*** Material provided Section Begins ***
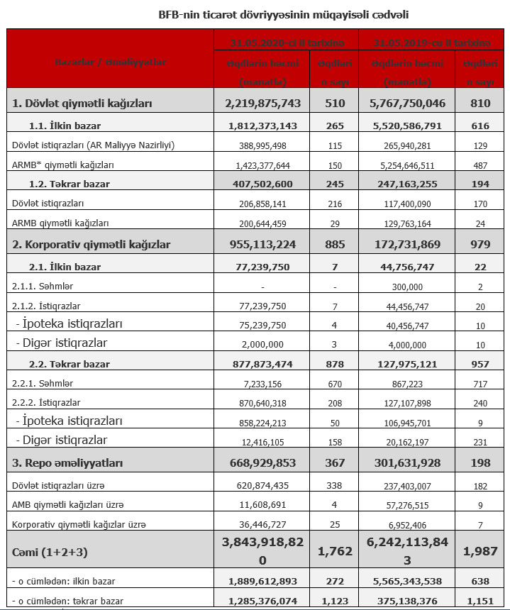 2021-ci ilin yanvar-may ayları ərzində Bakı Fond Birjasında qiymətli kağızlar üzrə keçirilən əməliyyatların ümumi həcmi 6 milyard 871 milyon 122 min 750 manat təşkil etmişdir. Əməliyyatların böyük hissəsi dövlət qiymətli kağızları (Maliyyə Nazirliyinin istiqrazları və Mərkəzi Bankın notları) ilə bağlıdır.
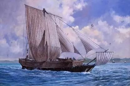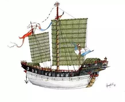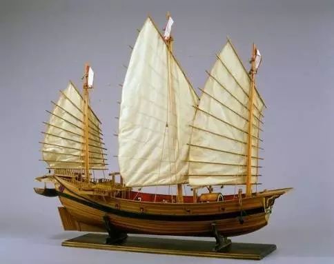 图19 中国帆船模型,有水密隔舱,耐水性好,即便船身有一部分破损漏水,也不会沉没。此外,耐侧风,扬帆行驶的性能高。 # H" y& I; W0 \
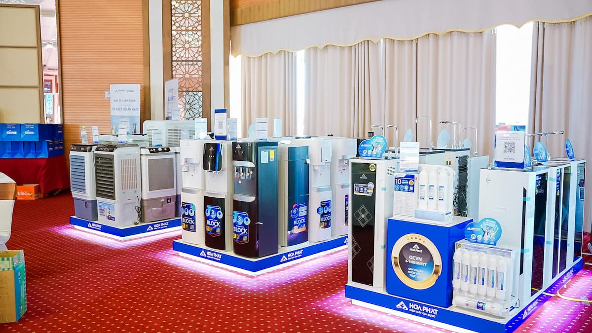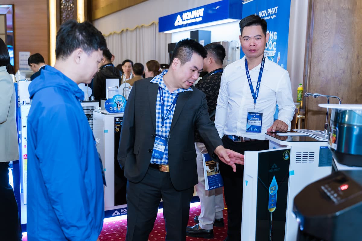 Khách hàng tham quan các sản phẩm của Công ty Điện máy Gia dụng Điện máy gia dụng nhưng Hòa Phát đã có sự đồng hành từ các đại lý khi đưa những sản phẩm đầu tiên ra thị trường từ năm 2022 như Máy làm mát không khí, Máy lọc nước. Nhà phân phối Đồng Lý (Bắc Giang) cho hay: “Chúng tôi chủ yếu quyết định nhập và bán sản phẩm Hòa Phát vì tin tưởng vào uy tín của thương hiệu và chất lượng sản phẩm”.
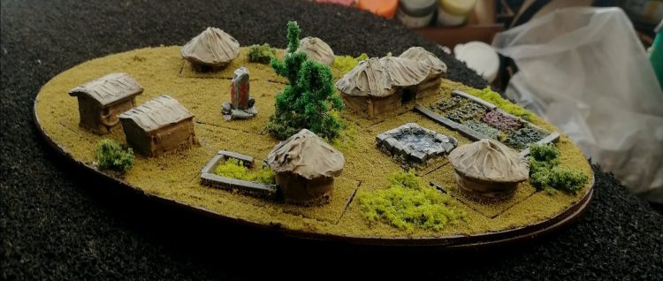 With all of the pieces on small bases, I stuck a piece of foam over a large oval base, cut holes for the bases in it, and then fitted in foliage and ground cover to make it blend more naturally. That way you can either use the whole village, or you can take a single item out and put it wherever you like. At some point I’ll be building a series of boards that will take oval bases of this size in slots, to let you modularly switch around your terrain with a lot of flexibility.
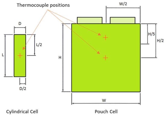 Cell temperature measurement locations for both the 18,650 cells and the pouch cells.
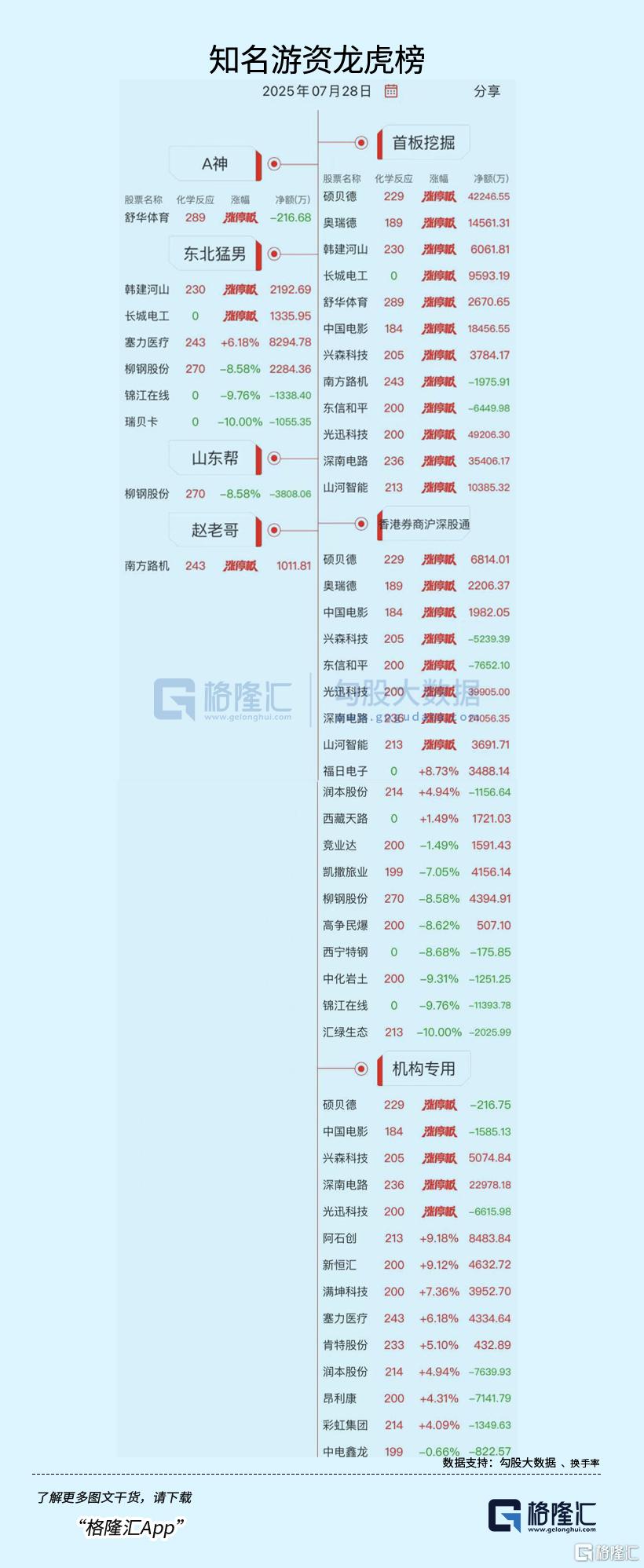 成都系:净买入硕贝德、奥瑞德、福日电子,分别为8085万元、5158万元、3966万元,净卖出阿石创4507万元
*** Material provided Section Ends ***
*** Material provided Section Begins ***
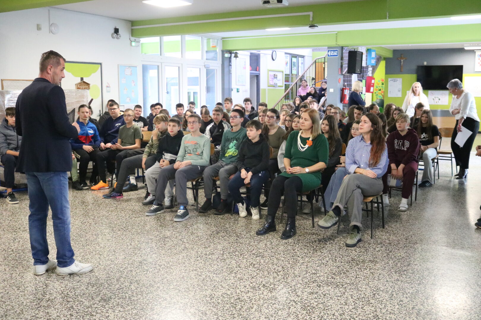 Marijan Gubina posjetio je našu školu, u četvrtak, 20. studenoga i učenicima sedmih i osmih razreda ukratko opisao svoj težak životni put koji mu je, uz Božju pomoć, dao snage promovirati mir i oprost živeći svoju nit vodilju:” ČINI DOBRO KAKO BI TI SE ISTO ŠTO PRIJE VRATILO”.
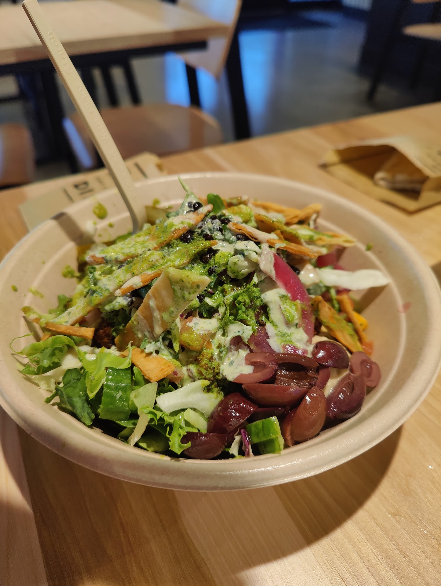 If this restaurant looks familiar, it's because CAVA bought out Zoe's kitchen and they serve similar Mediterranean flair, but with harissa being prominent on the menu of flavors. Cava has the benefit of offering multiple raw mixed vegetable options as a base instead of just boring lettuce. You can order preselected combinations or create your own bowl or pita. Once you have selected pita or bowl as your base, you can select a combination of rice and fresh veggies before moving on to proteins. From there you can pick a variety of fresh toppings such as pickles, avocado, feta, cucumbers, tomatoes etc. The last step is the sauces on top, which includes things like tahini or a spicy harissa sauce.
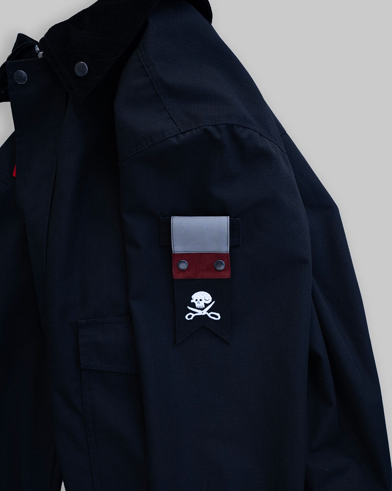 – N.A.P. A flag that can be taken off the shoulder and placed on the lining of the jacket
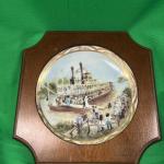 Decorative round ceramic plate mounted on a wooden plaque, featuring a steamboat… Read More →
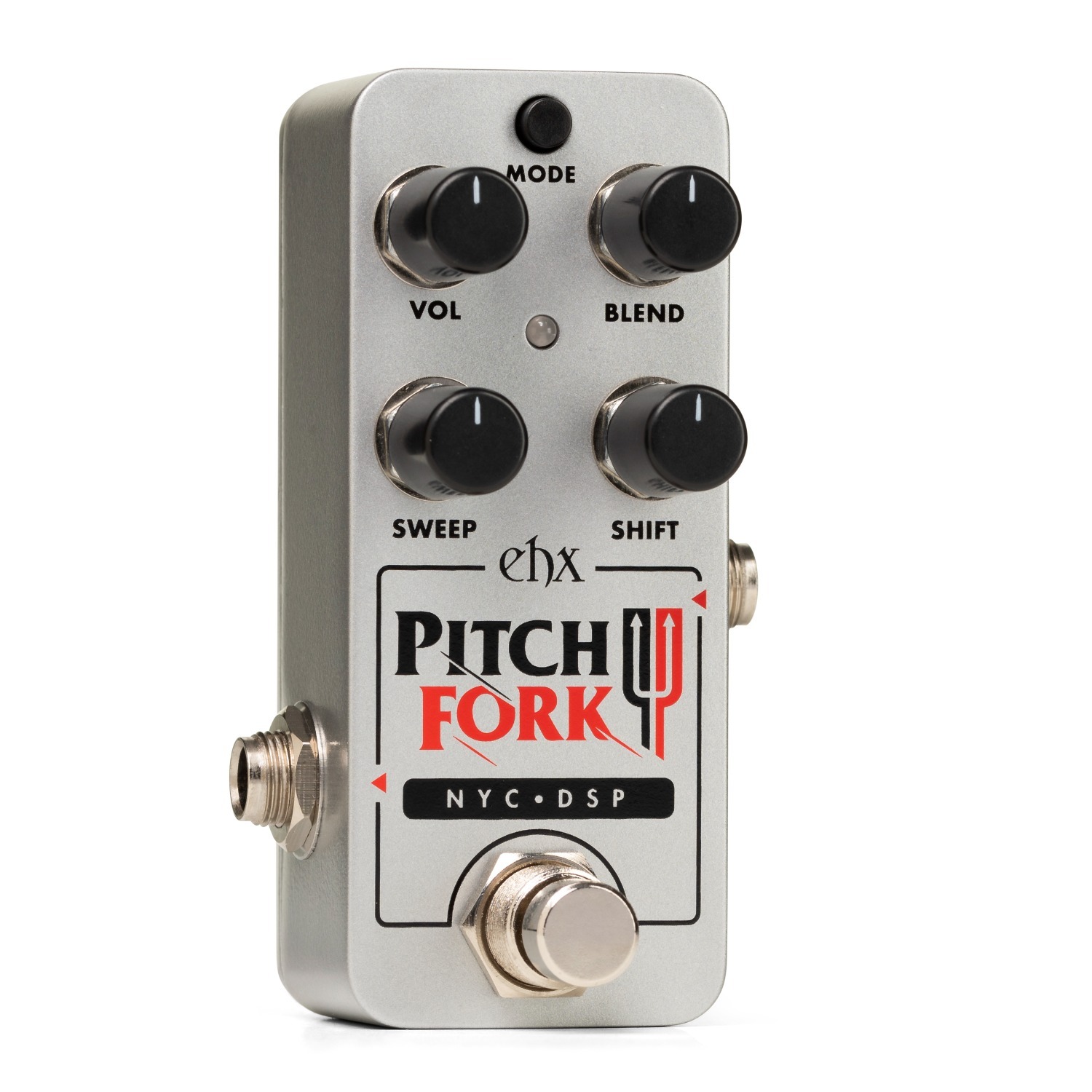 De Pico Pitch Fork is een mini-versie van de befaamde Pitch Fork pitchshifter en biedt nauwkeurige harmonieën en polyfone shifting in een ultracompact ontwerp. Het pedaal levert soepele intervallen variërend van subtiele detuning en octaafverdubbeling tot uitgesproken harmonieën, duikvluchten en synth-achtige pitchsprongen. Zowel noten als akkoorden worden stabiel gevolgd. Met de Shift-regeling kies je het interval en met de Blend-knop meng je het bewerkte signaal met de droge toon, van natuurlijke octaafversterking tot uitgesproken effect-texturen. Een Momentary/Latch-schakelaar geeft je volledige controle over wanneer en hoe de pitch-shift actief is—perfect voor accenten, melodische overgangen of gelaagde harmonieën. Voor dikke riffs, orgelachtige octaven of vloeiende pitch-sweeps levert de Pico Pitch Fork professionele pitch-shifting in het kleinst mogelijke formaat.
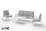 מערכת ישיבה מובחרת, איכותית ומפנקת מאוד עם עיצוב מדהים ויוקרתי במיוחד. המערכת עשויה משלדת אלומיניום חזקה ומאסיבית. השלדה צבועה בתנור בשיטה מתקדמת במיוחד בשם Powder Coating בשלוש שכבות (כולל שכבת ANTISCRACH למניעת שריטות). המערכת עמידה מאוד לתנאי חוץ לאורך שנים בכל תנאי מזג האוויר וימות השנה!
*** Material provided Section Ends ***
What needs to be done: Your answer must be the lines above from the one holding "Khách hàng tham" up to and including the one holding "With all of", exact and with no pictures.

Task response:
 Khách hàng tham quan các sản phẩm của Công ty Điện máy Gia dụng Điện máy gia dụng nhưng Hòa Phát đã có sự đồng hành từ các đại lý khi đưa những sản phẩm đầu tiên ra thị trường từ năm 2022 như Máy làm mát không khí, Máy lọc nước. Nhà phân phối Đồng Lý (Bắc Giang) cho hay: “Chúng tôi chủ yếu quyết định nhập và bán sản phẩm Hòa Phát vì tin tưởng vào uy tín của thương hiệu và chất lượng sản phẩm”.
 With all of the pieces on small bases, I stuck a piece of foam over a large oval base, cut holes for the bases in it, and then fitted in foliage and ground cover to make it blend more naturally. That way you can either use the whole village, or you can take a single item out and put it wherever you like. At some point I’ll be building a series of boards that will take oval bases of this size in slots, to let you modularly switch around your terrain with a lot of flexibility.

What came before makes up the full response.